Stack enough of these and you've described a complete analytical system — in the same terms a data team would use for any warehouse. ViewDefinitions are the staging layer: raw FHIR landed as flat tables. SQLViews are the intermediate models: cleaned, filtered, joined building blocks. The top of the graph is the data mart: the cohort registers, fact tables, and parameterized reports that analysts actually touch.
Each node is small, readable, and testable on its own: staging views only reshape, each intermediate model adds one transformation step, queries only parameterize the final cut. Complexity lives in the composition, not in any single artifact — which is exactly how mature analytical systems are built inside warehouses today. There's no ceiling here: a disease registry, a quality-measure suite, a dimensional model with facts and dimensions, a hundred-table conversion — anything you can express as layered SQL over flat views, you can express as this graph.

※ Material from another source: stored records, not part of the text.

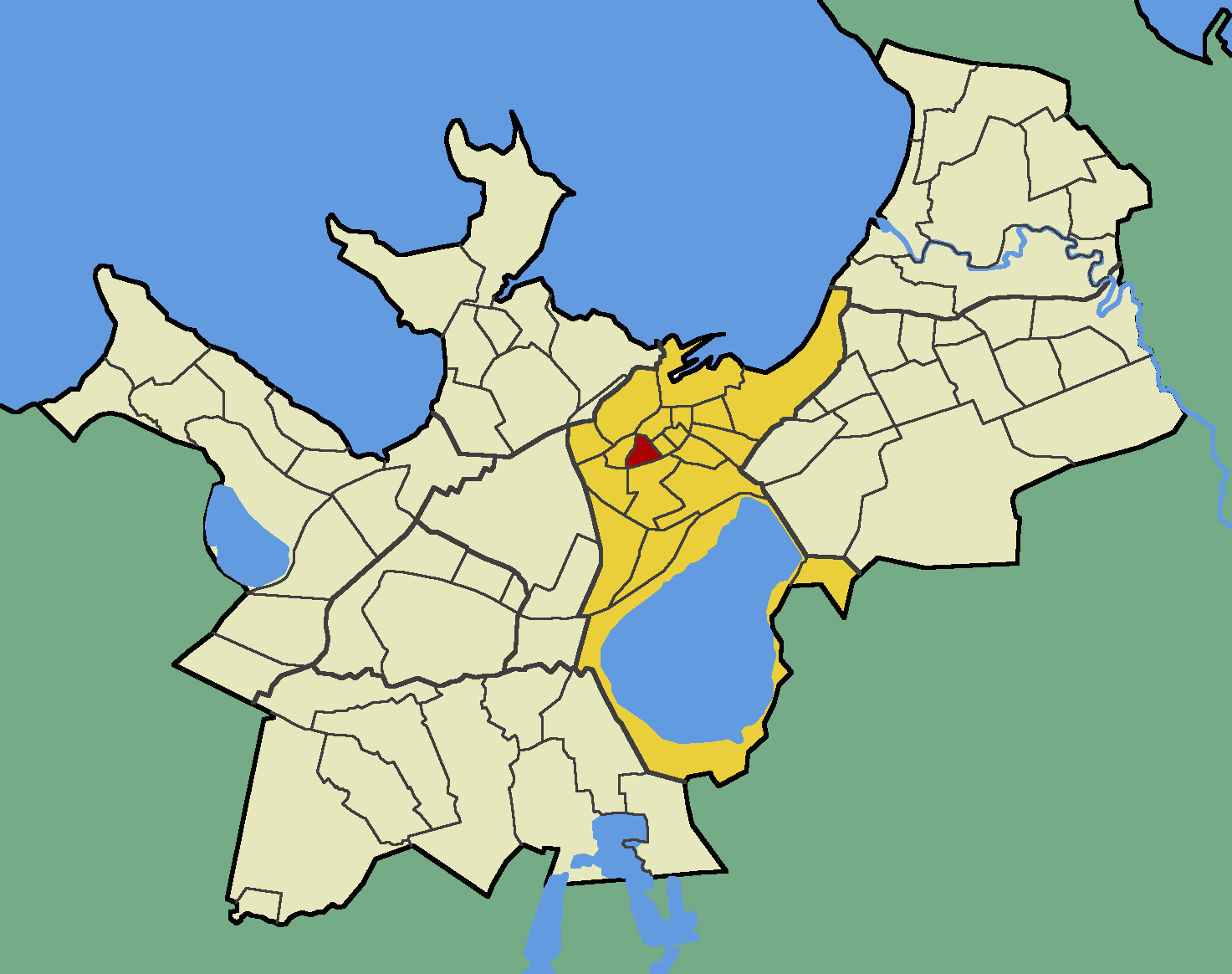 Map of Tallinn (Estonia) with borders of the quarters, Kesklinn district and Tatari quarter emphasised
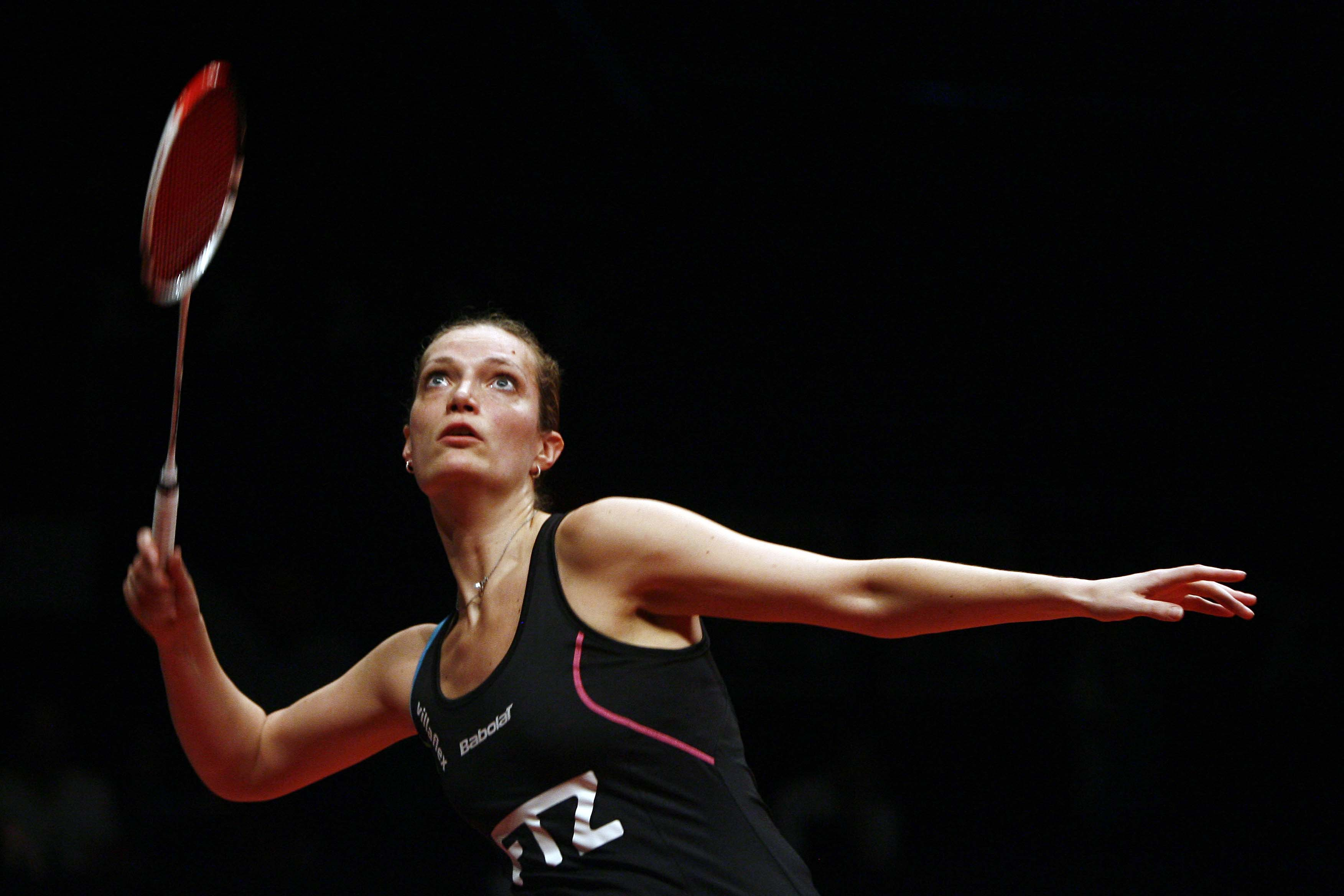 Tine Baun at 2013 Axiata Cup
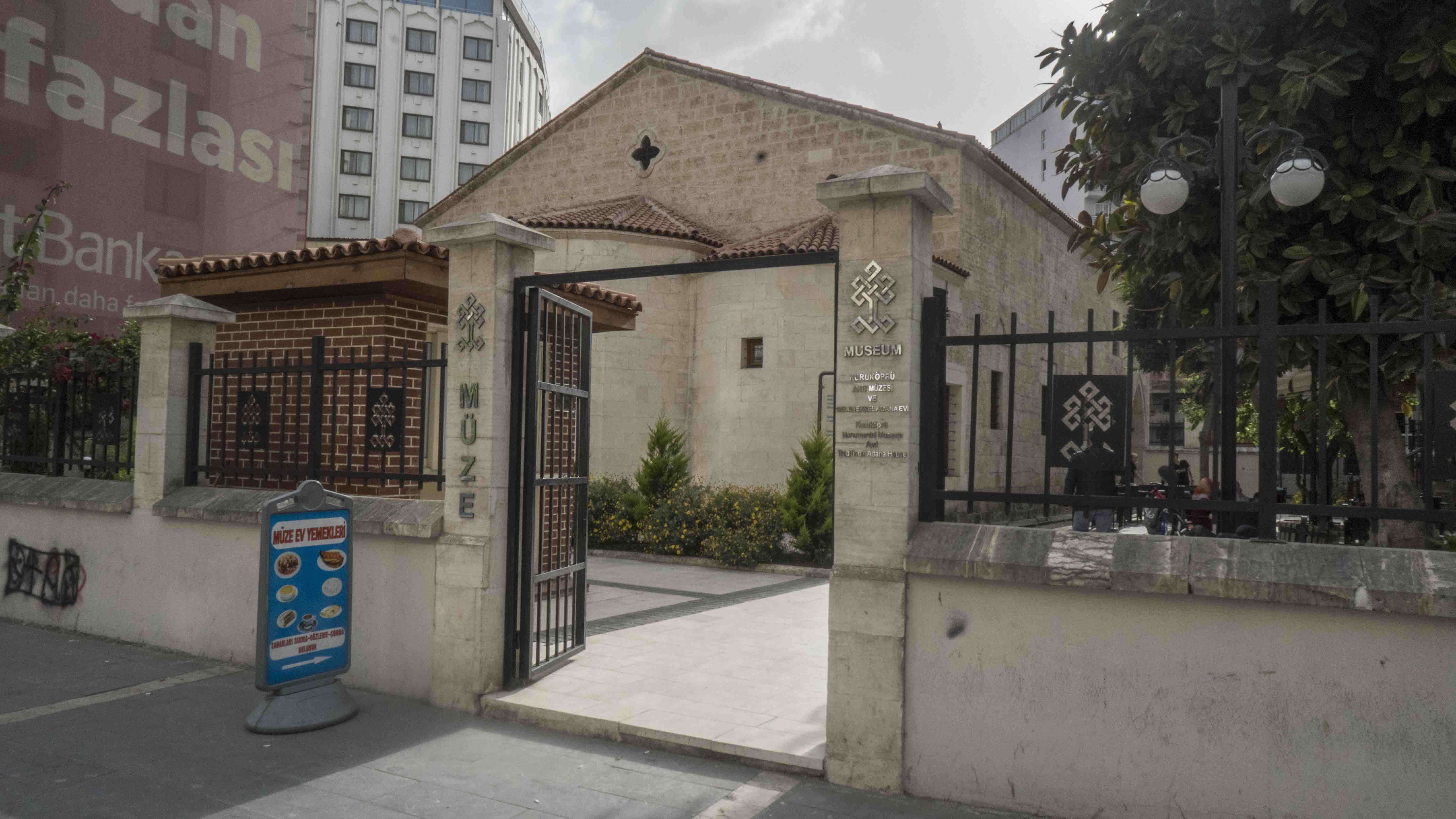 Adana ethnographic museum, formerly Kuruköprü Monumental Church Object location36° 59′ 22.55″ N, 35° 19′ 23.47″ E
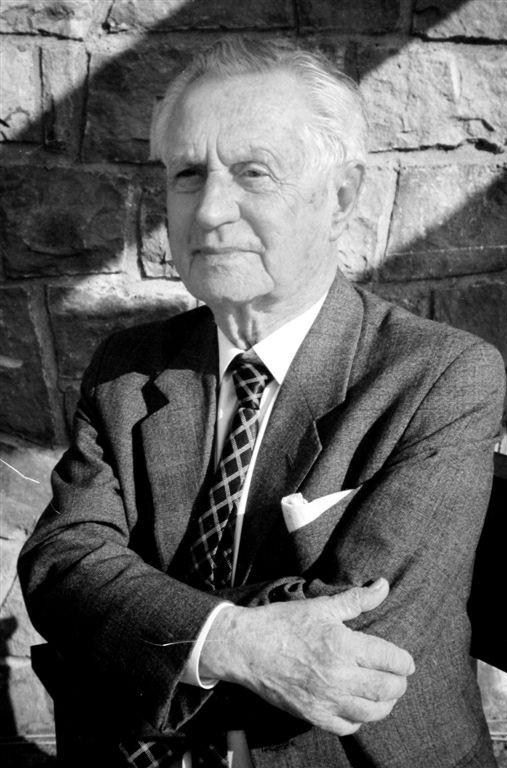 Photo of František Kožík

Two bonuses fall out for free. The dependency graph is your data lineage: for any column in the mart you can trace, artifact by artifact, the path back to the FHIRPath expression that produced it. And the whole graph ships as FHIR resources.
What the spec deliberately does not mandate is execution: whether ActivePatientsView becomes an inlined CTE, a database view, or a materialized table is the engine's call — the graph describes the logic, the engine picks the physics.

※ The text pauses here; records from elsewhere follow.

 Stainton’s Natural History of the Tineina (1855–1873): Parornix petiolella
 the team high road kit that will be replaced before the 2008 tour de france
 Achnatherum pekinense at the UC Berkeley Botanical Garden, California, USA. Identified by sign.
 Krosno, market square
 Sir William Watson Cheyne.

A full-featured DSL for ELT
Tell a data engineer "we have a DAG here" — and they'll understand immediately. The graph you just saw is ELT, the dominant pattern of the modern data stack: load raw data first, transform it in layers inside the engine. If you know dbt, you already know this shape. The moment we added the ability to build queries on top of queries, SQL on FHIR became a full-featured DSL for describing ELT pipelines: ViewDefinition gives you the EL — extract FHIR, load flat tables — and SQLView with SQLQuery add the T. The loop is closed.

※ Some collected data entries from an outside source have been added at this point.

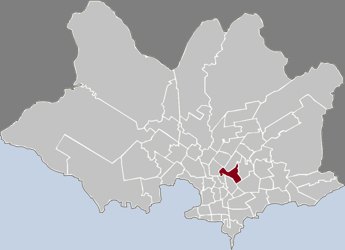 Map highlighting the given barrio in Montevideo.
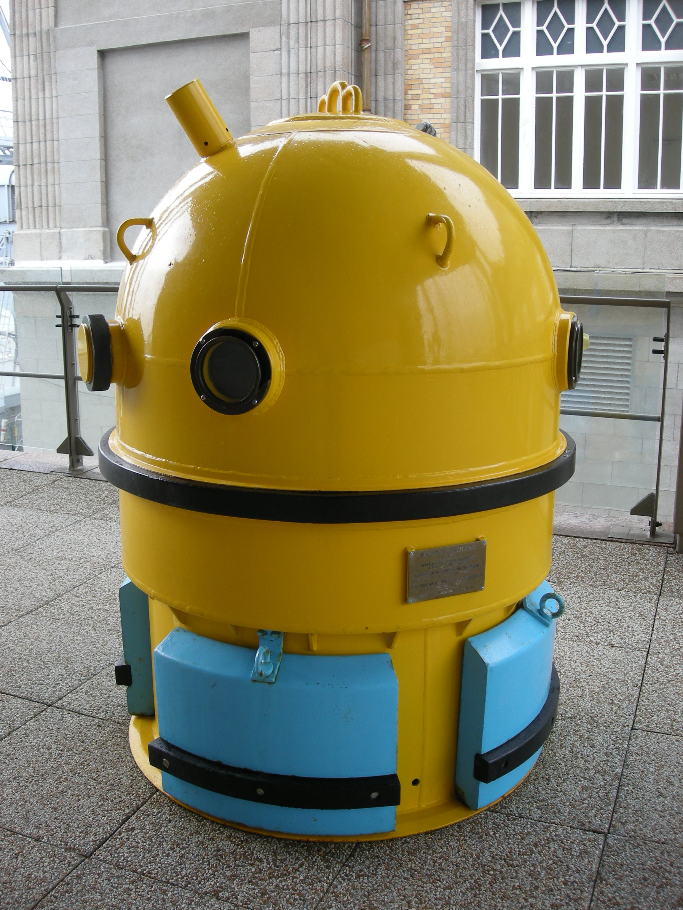 Dry bell / submersible decompression chamber
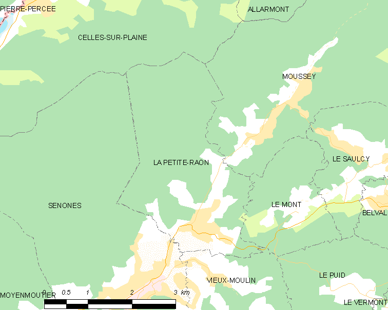 Map of French municipality La Petite-Raon
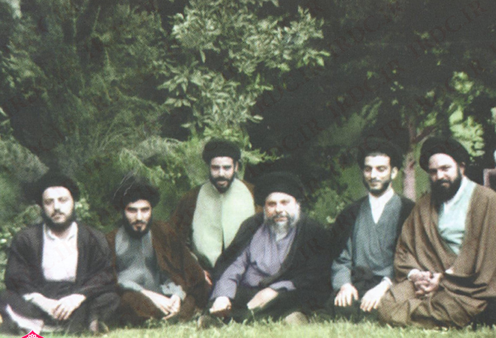 Mahmoud Hashemi Shahroudi
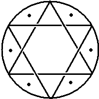 One simple form of the Seal of Solomon. Sketched by me. Securiger 16:24, 20 Sep 2004 (UTC)

So what's actually new here, compared to the ELT tooling data teams already run? The distribution model. A transformation project is normally code in your repository, assuming your warehouse. A SQL on FHIR pipeline is a set of resources with canonical URLs that you can publish in an implementation guide, version, and run against any conformant stack. And because the artifacts are technology-neutral, people will write translators from them into stack-specific assets — a warehouse view, a step in your orchestrator, a model in whatever transformation framework your team runs. We describe the data mart once; the target technology is a compilation detail.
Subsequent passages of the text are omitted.